Supplementary Material

Acknowledgments

This genome sequencing and annotation work was funded by the Wellcome Trust [grant number WT085775/Z/08/Z] and NIH-NIAID grant AI48828 to NES. We thank Neil D. Rawlings of the MEROPS database team at the Wellcome Trust Sanger Institute for his invaluable help, Dr. Jean C. Illes for discussions on polarity complexes, and Fransisco Prosdocimi and Maria Rosa Domingo Sananes for early discussions and analyses in the project.
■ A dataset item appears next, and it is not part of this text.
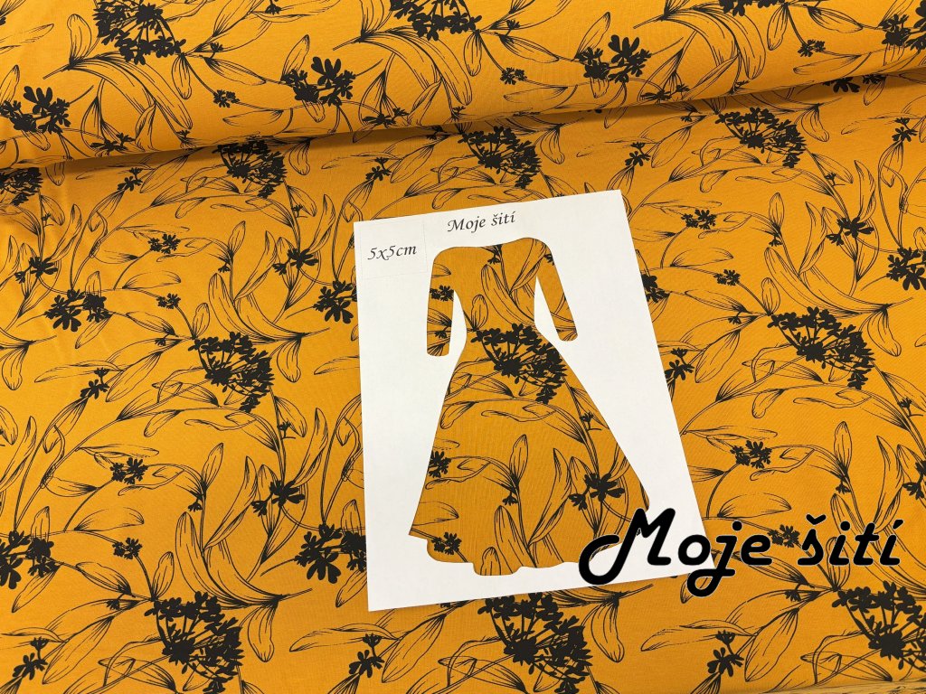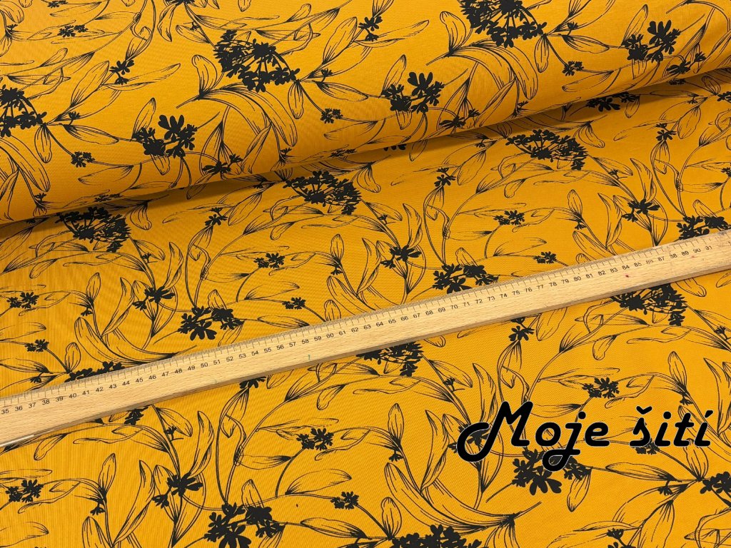 Teplákovina s elastanem - Listy s kmínem na hořčicové K
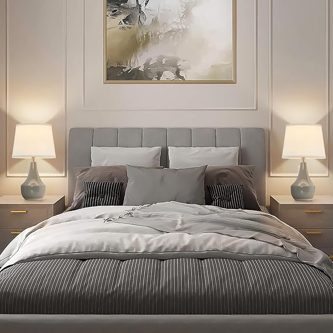 - 【Modern Styles And Widly Use】The beside lamp set of 2 are made with ceramic body, which fit in any styles. With a ceramic lamp body means resistant corrosion and tarnishing waterproof. This table Lamp Set of 2 is an ideal nightstand lamp for living room, bedroom. Also ideal as a gift for family and friends.

FISH chromosome mappings were partially supported by Oyama Health Foundation (H.H.), JSPS (13557021) (H.H.), 21st century COE and global COE of MEXT. Additional support by The Sandler Foundation (C.R.C., M.S.), NIH R01 GM60595 (P.C.B.), NIH-Fogarty 5D43TW006580 (P.T.L.), NIH-Fogarty 5D43TW007012-03, NIH Grant AI054711-01A2 (R.A.W. and G.P.D.), FAPEMIG REDE-281/05 (G.O.), the PhRMA Foundation (Postdoctoral Fellowship in Informatics to S.T.M.), The Burroughs Wellcome Fund (P.T.L.) and The UNICEF/UNDP/World bank/WHO Special program for research and training in tropical diseases (TDR) (P.T.L.). R.D.M. was a recipient of CAPES and FAPESP fellowships.

Footnotes

Author Contributions: AI, AW, CMFL, DAJ, NMES and PTLV initiated the project; MQ constructed DNA libraries and JP and JR directed sequencing; YG and ZN assembled the genome sequence data; HH, PTLV, RP and YH produced the mapping data; ADe, ADj, ART, BH, DB, DL, GCC, JW, MAA, MAR, MSa, OW, PDA, RH, SLS and TE provided computational and bioinformatic support; ART, MAA and RH setup and maintained the genome database; CM, DB, GB, GCC and JG produced the gene finding training set; BH, MP and MSt trained genefinding software; AP, BB and BH annotated the genome data; AC, AZ, BAL, CRC, DLW, GO, GPD, JPO, LFA, MSa, MZ, PMV, RC, RDM, STM, TAD and WW contributed specific analysis topics presented in this manuscript; CHF and EG contributed to general project and sequencing management; BB, CHF, CRC and JP commented on the manuscript drafts; GCC performed data submission to Genbank; AW, MB, NMES, PTLV drafted and edited the paper; AW, DAJ and PTLV provided DNA resources for the sequencing; MB and NMES directed the project and assembled the manuscript

.

Author Information: The annotated genome sequence has been submitted to EMBL with the accession numbers FN357292-FN376313. All data are also available for browsing in the GeneDB database (http://www.genedb.org/genedb/smansoni/). The CHORI BAC clones used in this study are available from http://bacpac.chori.org/.

The authors have no competing financial interests.